Griffin tenía trece años y era hijo de una criada y un calderero ambulante. Era alto, bien parecido, de buen carácter y muy hábil con las manos, pero un poco simplón. Balduino Peche, el cerrajero, presumía de su bondad por dar cobijo a un tonto, pero lo cierto era que Griffin, a pesar de su poco ingenio, tenía un don especial para aprender ciertas tareas prácticas y se tenía bien ganado el sustento.
El gran cubo de madera, con las viejas tablas gastadas y agrietadas por dentro y por fuera a causa del prolongado uso, emergió de las profundidades, centelleando bajo los primeros y oblicuos rayos del sol naciente. Griffin llenó dos baldes y estaba pasando nuevamente el cubo por la vara cuando la luz arrancó un destello de plata entre dos de las tablas, alojado de canto en el intersticio. El muchacho apoyó el cubo en el borde de piedra del pozo y se inclinó para extraer el reluciente objeto, sujetándolo entre el índice y el pulgar y retirando un arrugado trozo de lienzo azul que llevaba adherido. Depositó en su mano el refulgente disco redondo de plata con una cabeza labrada y unos extraños signos que él no supo identificar como letras. En el reverso tenía un reborde redondo, una pequeña cruz en el centro y otros signos misteriosos. Griffin se quedó extasiado. Se llevó el trofeo a la tienda y, cuando Balduino Peche se levantó finalmente de la cama y apareció con los ojos legañosos y el cabello enmarañado, el chico le mostró orgullosamente lo que había encontrado. Todo lo que había allí pertenecía a su amo.
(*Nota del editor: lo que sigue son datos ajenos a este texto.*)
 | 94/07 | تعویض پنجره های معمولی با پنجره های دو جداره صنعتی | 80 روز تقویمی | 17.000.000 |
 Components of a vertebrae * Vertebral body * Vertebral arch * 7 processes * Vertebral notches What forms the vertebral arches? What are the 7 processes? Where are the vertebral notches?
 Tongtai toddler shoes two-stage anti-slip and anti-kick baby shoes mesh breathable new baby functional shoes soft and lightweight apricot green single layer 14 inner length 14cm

El cerrajero clavó los ojos en el objeto y se iluminó como una lámpara encendida, mientras se le despejaba la cabeza y se le aclaraba la mirada como por ensalmo. Lo manoseó y lo examinó por ambos lados y después levantó los ojos, esbozó una extraña sonrisa e hizo una cautelosa pregunta:
—¿Dónde lo has encontrado, chico? ¿Se lo has enseñado a alguien?
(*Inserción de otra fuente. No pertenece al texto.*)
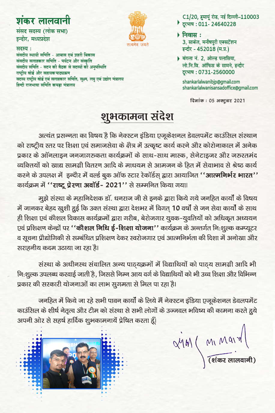 Member of Parliament (Rajyasabha) Govt. of India
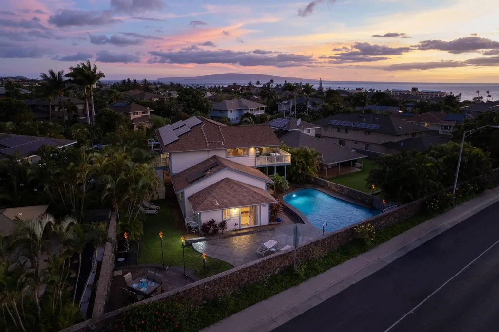 Wow - what a house! Located in the highly sought-after Kamaole Heights subdivision, this property has sweeping views, vaulted ceilings, an open concept living with 3 bedrooms, 2 baths, and central AC upstairs -- plus a tropical pool with multiple entertaining areas, an attached ohana and a recently converted additional living area downstairs. Did we mention 54 PV panels? Stunning views of the West Maui mountains, expansive sky, and ocean blue enhance the craftsman construction. Eucalyptus hardwood floors, custom tile, and granite finishes upgrade this to a dream home. The pool's waterfall, tiki torches, and huge stamped concrete patio create a modern oasis. The attached 2 bedroom Ohana has exposed beam ceilings and tons of beach charm. The huge downstairs contemporary living area now offers friends or extended family a bedroom, office, bath, and kitchen. Fully irrigated mature landscaping showcases Queen palms, lava rock walls, lawn, and Areca palms for privacy. Located close to Kamaole Beach Park 1 and several Kihei schools, this home is the epitome of the South Maui lifestyle and comes complete with an outdoor shower for post-beach cleanup, a 2-car garage, plenty of outdoor parking, and ample storage for outdoor sports equipment.
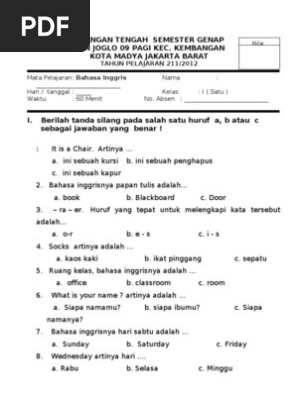 Contoh Soal Uts Semester Ganjil Bahasa Inggris Sd Kelas 1
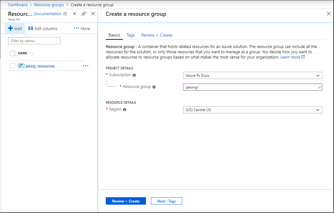 New-AzResourceGroup -Name pexmgr -Location <region name>

—No, señor amo, os lo he traído directamente a vos. Estaba en el cubo del pozo —contestó Griffin, contándole cómo lo había descubierto entre las tablas del cubo.
—¡Bien, bien! No hace falta que nadie sepa que lo tengo. Conque estaba alojado entre las tablas del cubo, ¿en? —dijo Balduino, contemplando con codicia su tesoro—. ¡Buen chico! ¡Muy buen chico! ¡Hiciste bien en entregármelo directamente a mí! ¡Le tengo mucho aprecio! ¡Pero que mucho aprecio! —añadió, sonriendo para sus adentros con inmensa satisfacción mientras Griffin reflejaba con orgullo su contento—. Te daré para el almuerzo unos dulces que guardé de la fiesta de anoche. Verás lo bien que trato a los chicos obedientes.